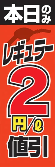 のぼり屋さんドットコムTOP > 既製デザインのぼり旗 > 車 > ガソリンスタンド > レギュラー2円/l値引
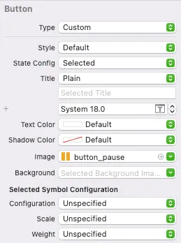 전자의 방식을 통해서는 정상적으로 작동하는 것을 확인했으나, 인터페이스 빌더를 활용하는 경우, 클릭시에 아래와 같이 Selected의 Image가 일시정지 모양이 아닌 것을 확인했습니다.
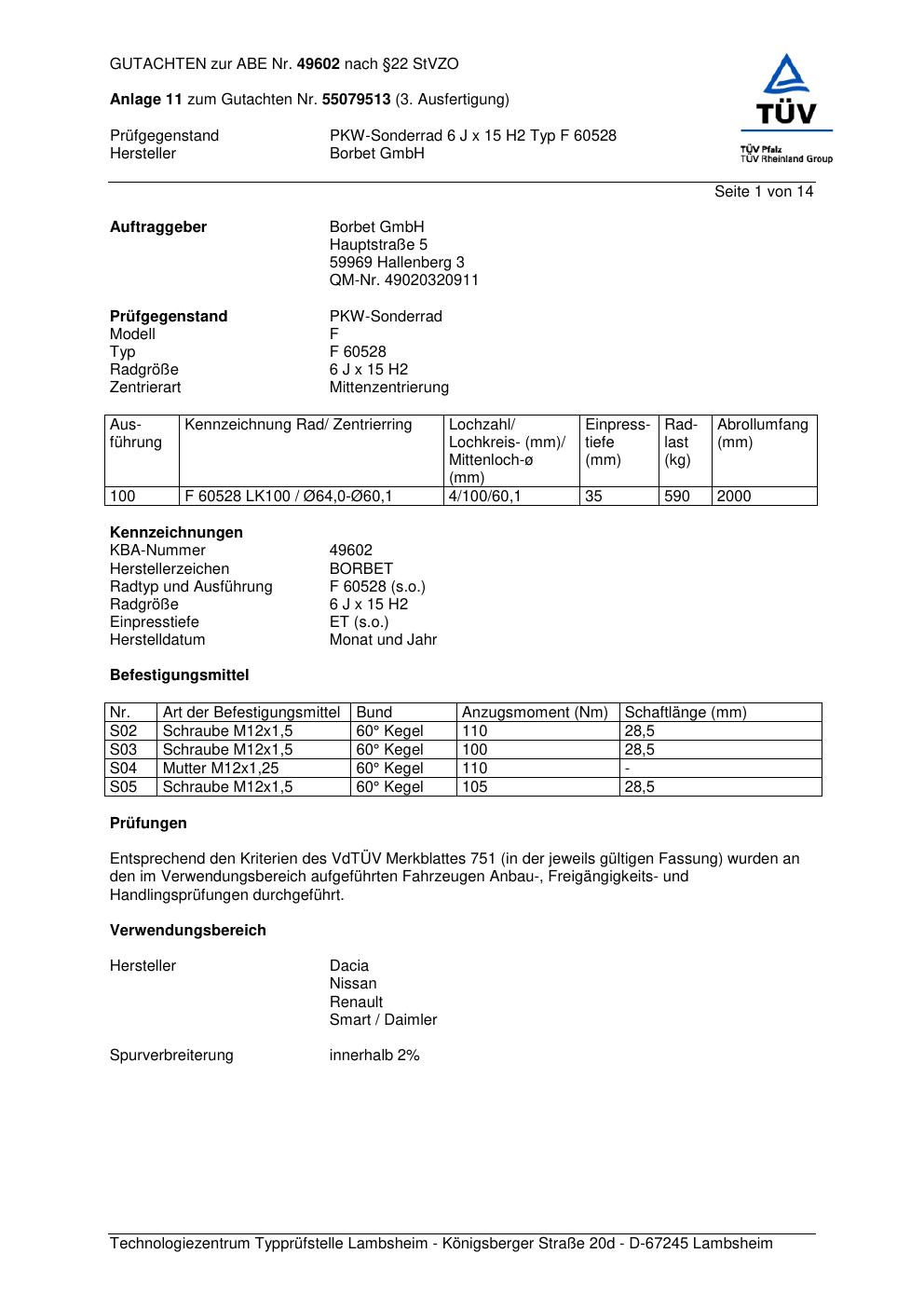 Dieses Gutachten (abe) bezieht sich auf die Alufelge Borbet F 6052 8 in der Ausführung 6Jx15 ET 0, Mittenloch 0 mm (KBA 49602). Im PDF findest du typischerweise zulässige Reifengrößen, Auflagen/Anbauhinweise und – je nach Dokument – Hinweise zur Eintragung.
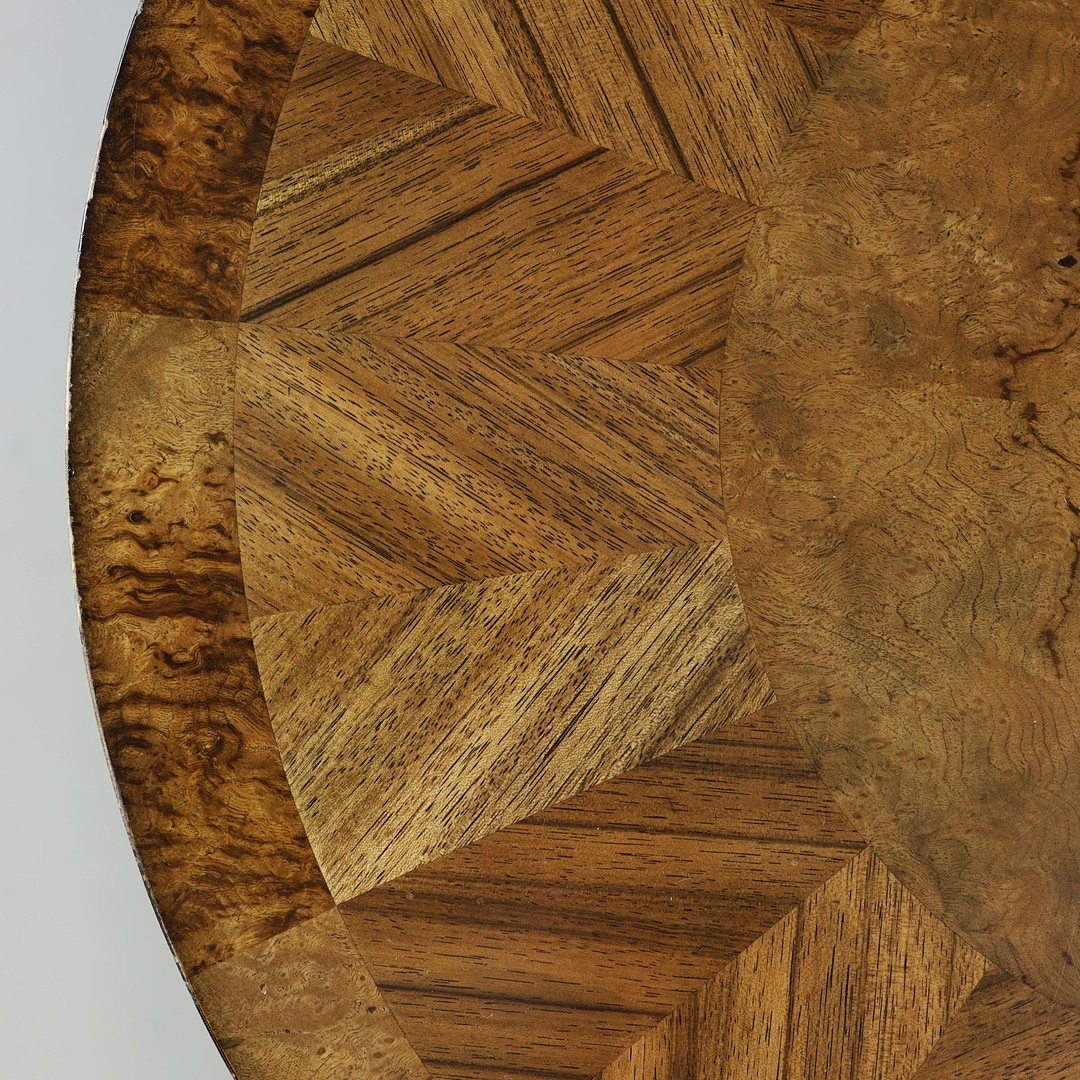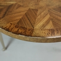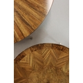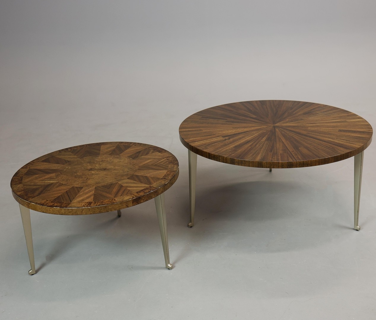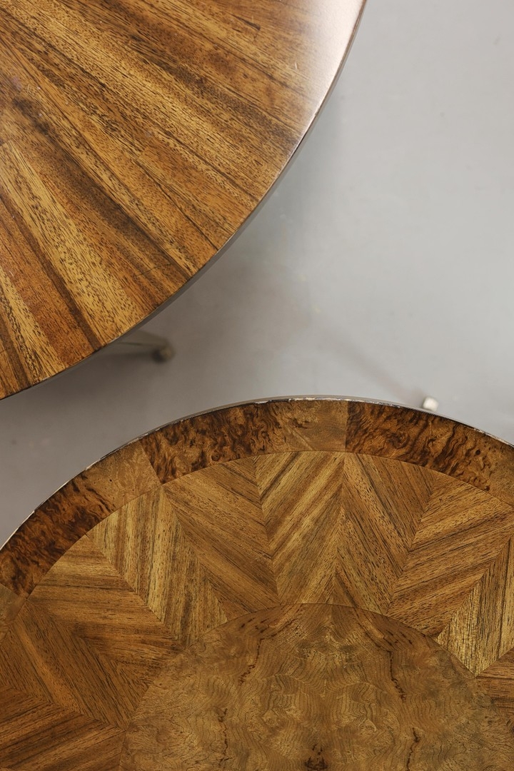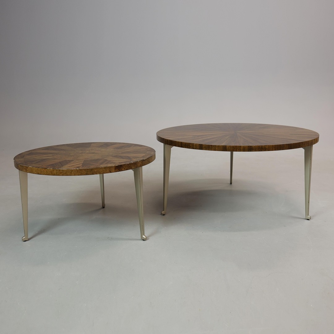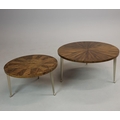 CIRCULAR COFFEE TABLES (2). a nesting pair, with circular wooden parquetry tops on metal supports, the larger 97cm w x 49cm t the other 70cm w x 43cm t (2).

* * * * * * * * *

▶ WORK ITEM
Please output all of the data exactly as given, omitting any images it holds.

▶ EXPECTED ANSWER
 のぼり屋さんドットコムTOP > 既製デザインのぼり旗 > 車 > ガソリンスタンド > レギュラー2円/l値引
 전자의 방식을 통해서는 정상적으로 작동하는 것을 확인했으나, 인터페이스 빌더를 활용하는 경우, 클릭시에 아래와 같이 Selected의 Image가 일시정지 모양이 아닌 것을 확인했습니다.
 Dieses Gutachten (abe) bezieht sich auf die Alufelge Borbet F 6052 8 in der Ausführung 6Jx15 ET 0, Mittenloch 0 mm (KBA 49602). Im PDF findest du typischerweise zulässige Reifengrößen, Auflagen/Anbauhinweise und – je nach Dokument – Hinweise zur Eintragung.
 CIRCULAR COFFEE TABLES (2). a nesting pair, with circular wooden parquetry tops on metal supports, the larger 97cm w x 49cm t the other 70cm w x 43cm t (2).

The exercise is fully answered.